Element 1 has an internal rep of cmdName (or something like that) which caches the lookup of the ::apply command. Element 2 is a two element list, but instead of a list internal rep, it has a lambda internal rep, which caches the generated byte code.

So long as neither the containing list or the second element are mutated then the bytecode will stick around. I believe that lsort -command is Tcl_Obj safe, so you should be ok in this example. Other things like widget bindings which are string based (and do substitutions) are less good, and would probably result in excessive recompilation. It should be noted that this is a problem of any of the schemes proposed (rather, it's a problem of the string-based widget binding stuff, IMO, but we're stuck with it) and isn't unique to TIP 194. One possible problem related to TIP 194 was auto-expansion and trying to convert the list to a cmdName during lookup, which could destroy the internal rep and cached byte-code (if auto-expansion takes place after normal command lookup). I did have a brief look to see if this was a real problem, but I can't remember what I decided. :( I don't think it's an insurmountable problem, but worth bearing in mind. TIP 194 doesn't propose auto-expansion, and this implementation issue can be left until such a TIP were to be proposed.

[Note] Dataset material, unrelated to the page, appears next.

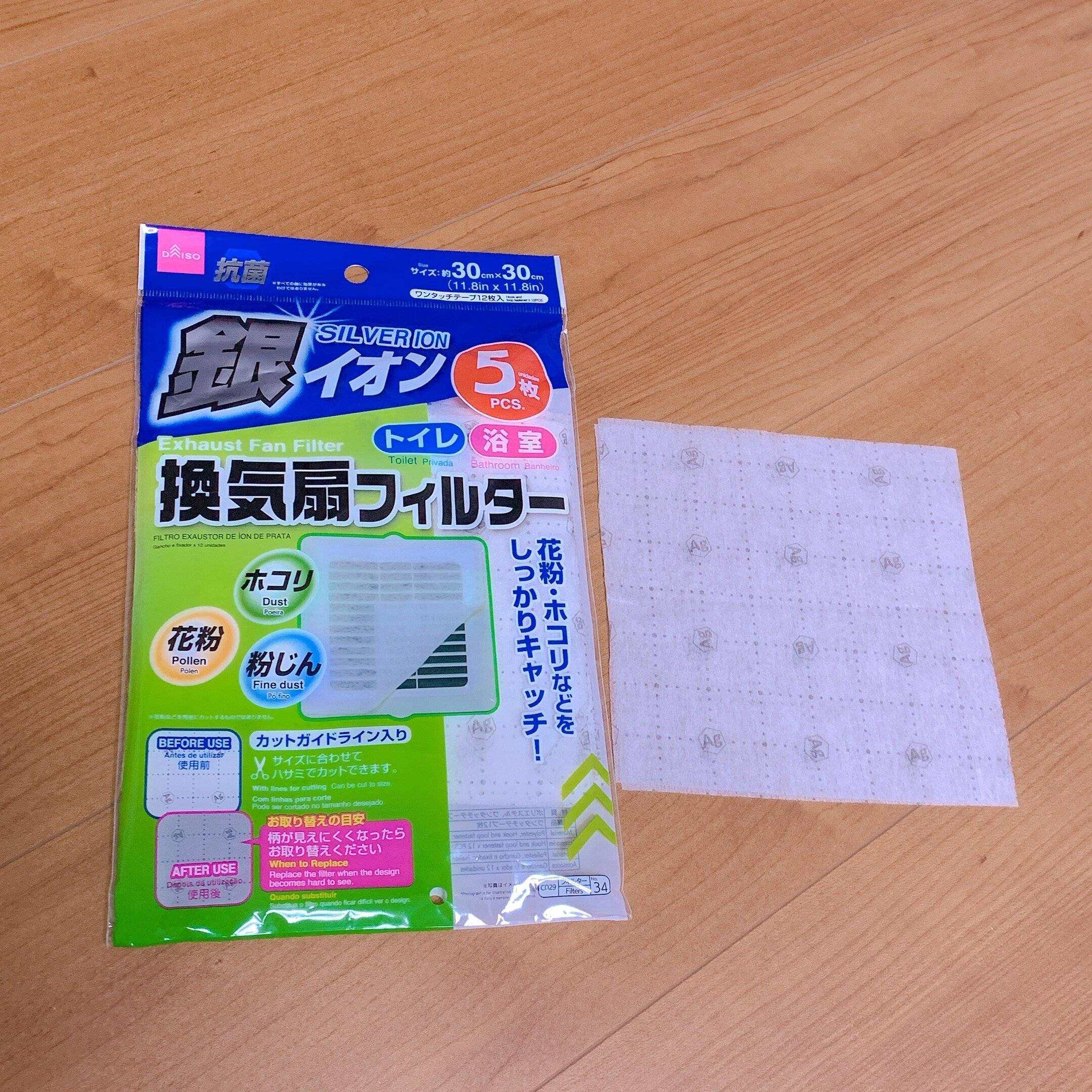 大きめのサイズのものが5枚入っていて、我が家はその1枚を4つに切った大きさが換気扇にピッタリだったので、20枚使えることになります。
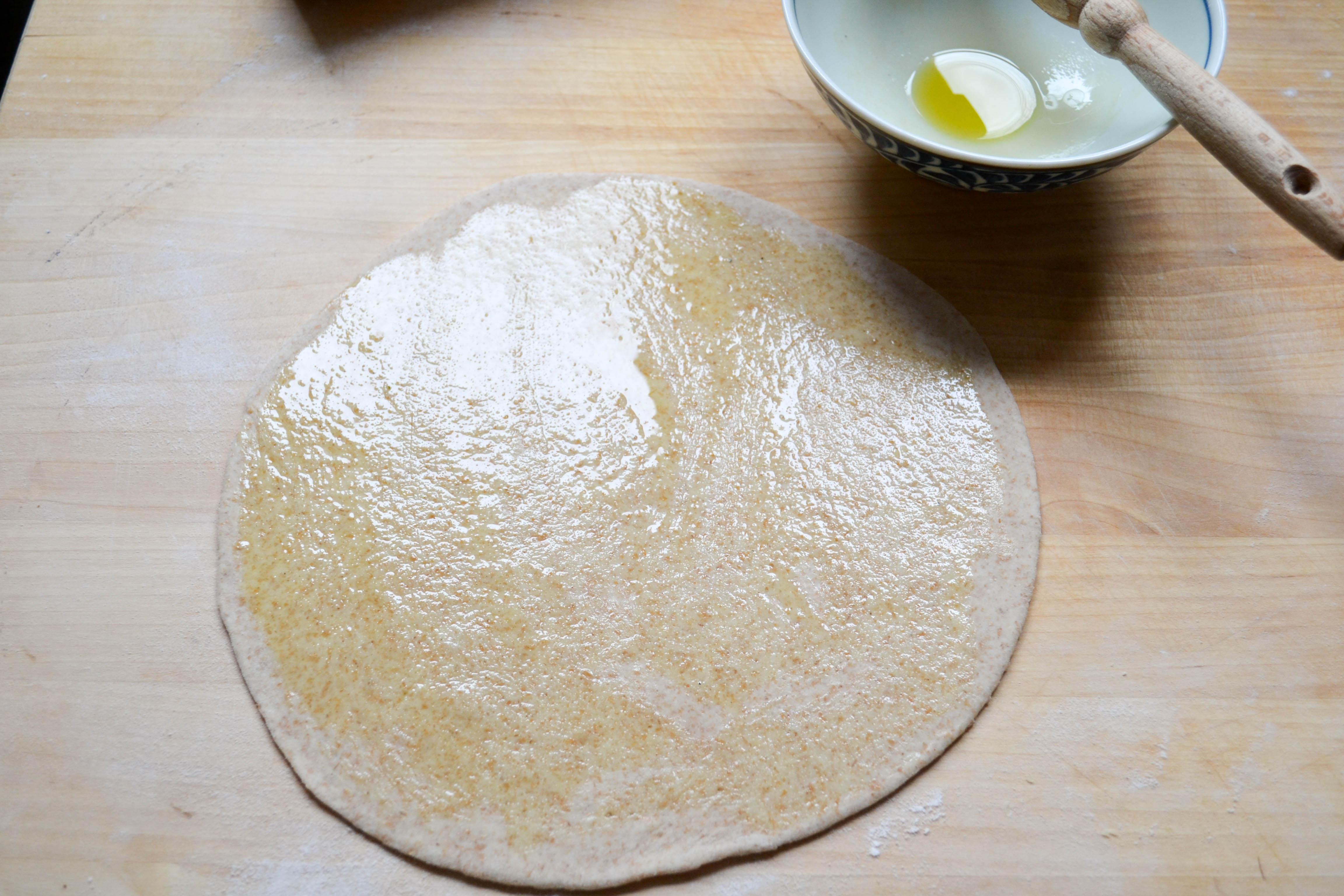 6) Brush olive oil or melted ghee, then fold in half. Brush a little more oil on the half circle shape and then fold one more time to a triangle.

DGP As you look at this, be aware that the Command struct has a public counterpart Tcl_Command that is passed through various parts of the C API.

CMcC This page came from discussions with DGP about struct Command - its ability to store state, its importance in tcl, and the differences between it and struct Proc.

It also arose from consideration of scope, and the observation that the Command structure appears exclusively in static scope, whereas the Var structure appears in either. This disparity has direct bearing on the lambda problem, and consideration of the differences between Tcl_Obj (the values of variable names) and Command (the values of command names) might shed some light on the nature of the problem.

Looking closer at it, perhaps the appropriate comparison is between Var and Command, and Tcl_Obj and Proc, respectively.

On the scope page, CMcC, 2004-10-15, stated that upon reflection, this page is misgiven.